FİRUZE ATAŞ'DAN
Sabah alarmın sesiyle uyandım. Bugün timimle vedalaşmaya gidecektim çünkü tayinim çıkmıştı. Bu tayini ben istememiştim üstlerimden bir emirdi. Yeni görev yerim Şırnak Silopi'ydi. Bu durumdan mutluydum çünkü Erdem amcam da Silopi'de albay olarak görev yapıyordu ve ben onun olduğu karargaha verilmiştim.
Erdem amca babamın devresiydi. Babam şehit olunca bizimle Erdem amcalar ilgilenmişti. Eşi Hatice teyze de anneme destek olmuştu. Kızları Sevgi ise uzman istihbaratçıydı benim de en yakın arkadaşımdı hatta kız kardeşimdi. Onun da tayini Silopi'ye çıkmıştı. Acayip mutlu olmuştuk bu duruma.

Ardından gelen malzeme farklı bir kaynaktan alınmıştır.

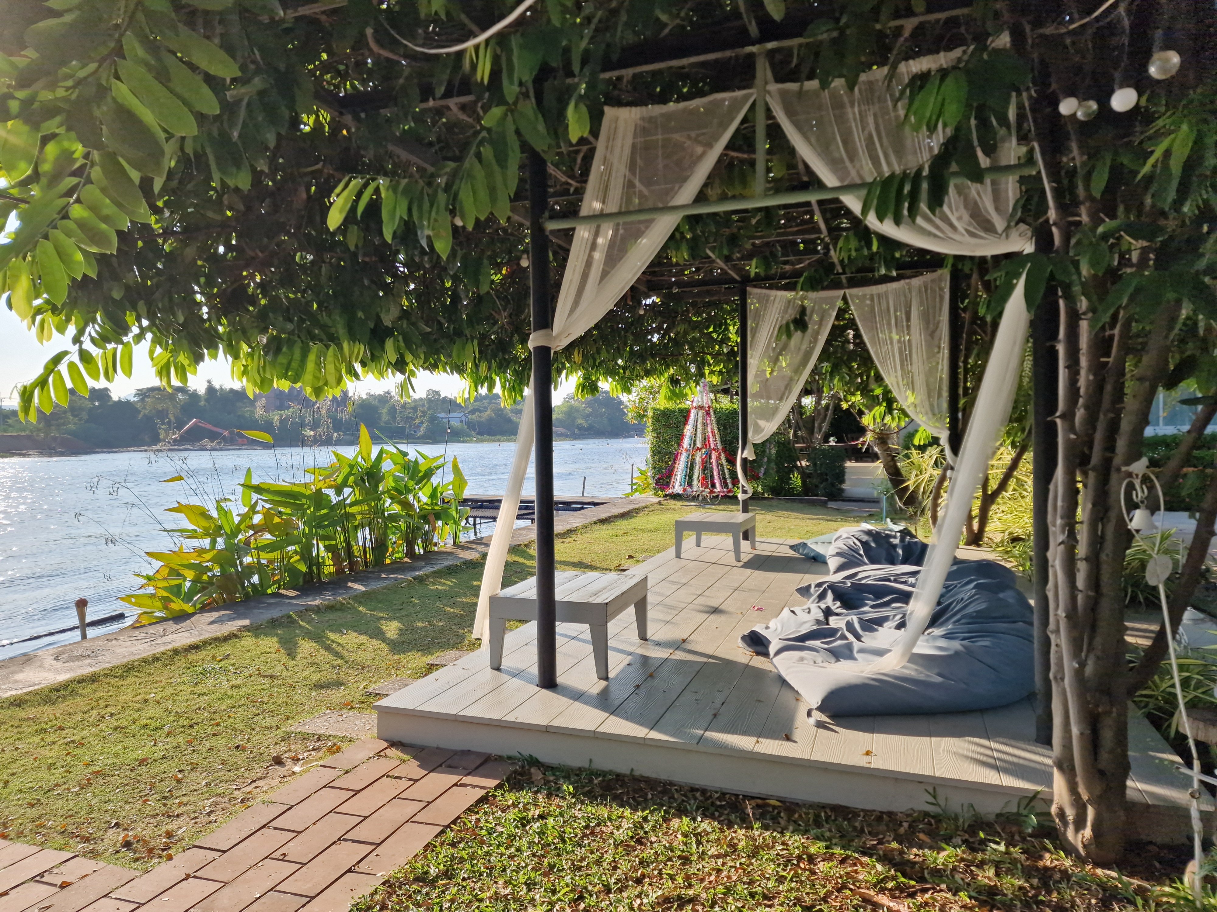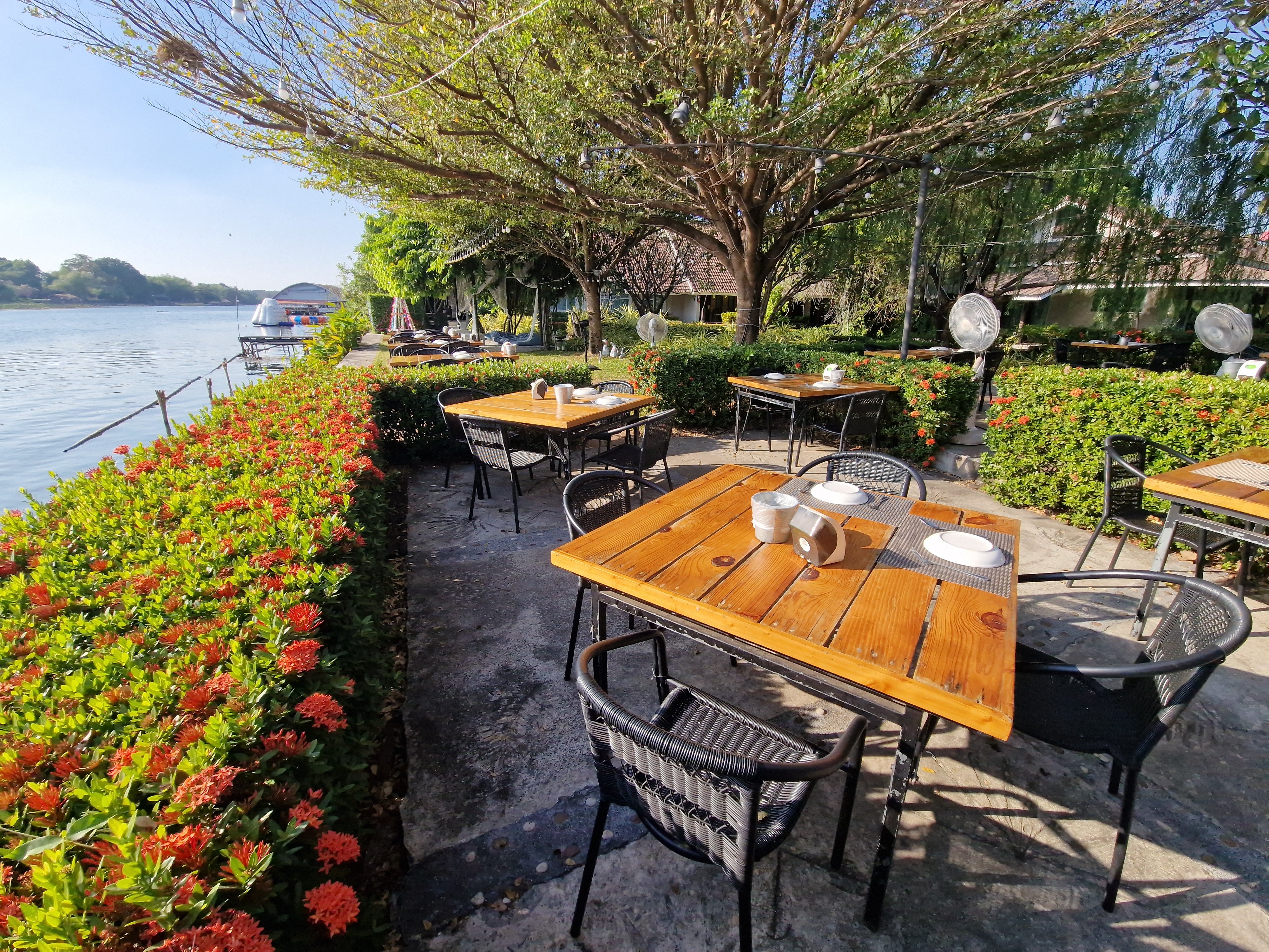 Het restaurant van mijn hotel aan de oevers van de Kwai.

Uykulu uykulu etrafa baktım ve gözlerimi ovuşturarak yatağımdan kalktım. Odamdan dışarıya çıktığım anda burnuma mis gibi kokular geldi. Annem yine döktürüyordu sanırım. Daha fazla ayakta durmadan mutfağa doğru yöneldim. Mutfağa girdiğim de annemin arkası dönük bir şekilde tezgahta kahvaltı hazırladığını gördüm.
Gidip sarıldım ve yanağına sulu bir öpücük kondurdum. Annem "ay kızım öyle sessiz sessiz yaklaşılır mı? korktum" dedi. Güldüm ve "sana da günaydın Elif sultan" dedim. "Günaydın prensesim de sana pek ayamamış gibi baksana gözünün çapağı duruyor git de yüzünü yıka " dedi gülerek. "Emredersiniz Elif sultan hemen" dedim ve kızarttığı patateslerden bir kaç tane ağzıma attım.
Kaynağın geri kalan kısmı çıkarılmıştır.